Five-step daily pipeline with failure isolation
Each stage (scrape → generate docs → ingest to ChromaDB → ingest YouTube content → cleanup) runs independently. If scraping fails, it retries after 30 minutes. If ingestion fails, cleanup is skipped to preserve data for manual recovery. This keeps the system resilient without overengineering a full job queue.
Smart retrieval routing over pure embedding search
Rather than sending every question through the same vector similarity search, the chatbot classifies questions by keyword regex and adjusts which document types to prioritize — unit analysis chunks for unit questions, video guide chunks for strategy questions, a mix for comp questions. This hybrid approach significantly improved answer relevance compared to naive RAG.
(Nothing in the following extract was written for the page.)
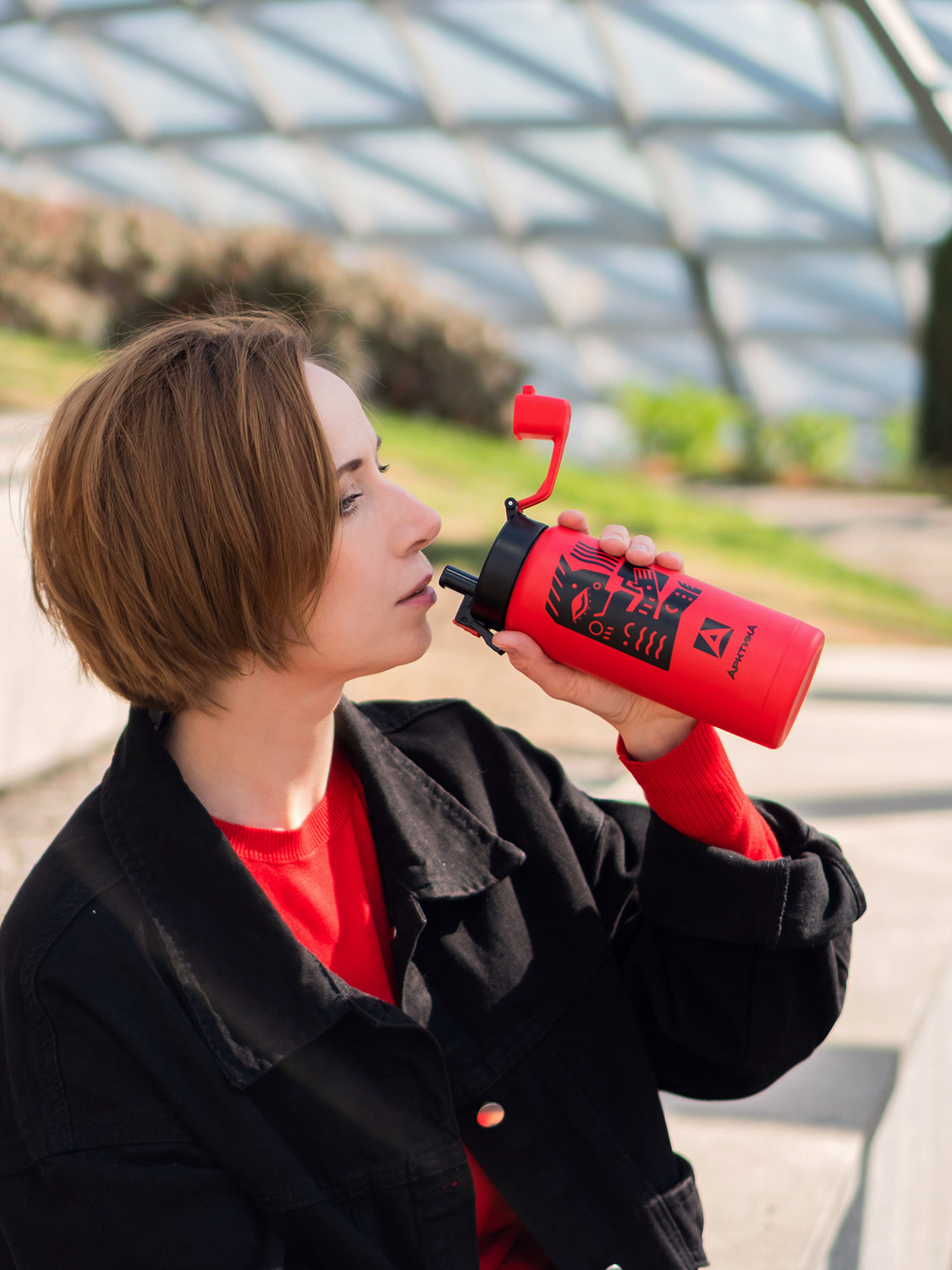 Специальный колпачок защищает носик для питья от пыли. Выполнен из долговечной пищевой нержавеющей стали. В линейке представлены 3 оригинальных дизайна, чтобы каждый мог выбрать для себя подходящую расцветку и подчеркнуть свою индивидуальность. Гарантия на вакуум – 5 лет.

Deterministic chunk IDs via MD5 hashing
Every chunk gets an ID derived from MD5(type + date + chunk_index), which means re-running the pipeline upserts instead of duplicating data. This was critical for a daily-refresh system — without it, ChromaDB would accumulate duplicate entries on every pipeline run.
Header-based semantic chunking
Documents are split on ## markdown headers (with a secondary ### split for oversized chunks). This keeps each comp or unit analysis as a single coherent chunk rather than breaking mid-sentence at a fixed token count. The tradeoff is occasional chunk size variance, but embedding quality is meaningfully better.
Two-tier YouTube processing
YouTube's transcript API blocks cloud provider IPs, so transcripts are fetched locally, processed through Gemini for structured extraction, and committed as JSON files. The Lightsail pipeline then ingests those pre-processed files. A pragmatic workaround that avoids introducing a proxy layer just for one data source.
Next.js __NEXT_DATA__ extraction
Instead of intercepting XHR requests from tactics.tools (fragile and race-condition-prone), the scraper extracts server-rendered data directly from the __NEXT_DATA__ script tag. More reliable and simpler to maintain.
Lazy-loaded Riot Data Dragon lookups
Unit/item/trait IDs from the raw data are resolved to human-readable names via Riot's CDN. The lookup table is fetched once per session, cached in memory, and falls back to raw IDs on failure — so the system never crashes over a cosmetic lookup.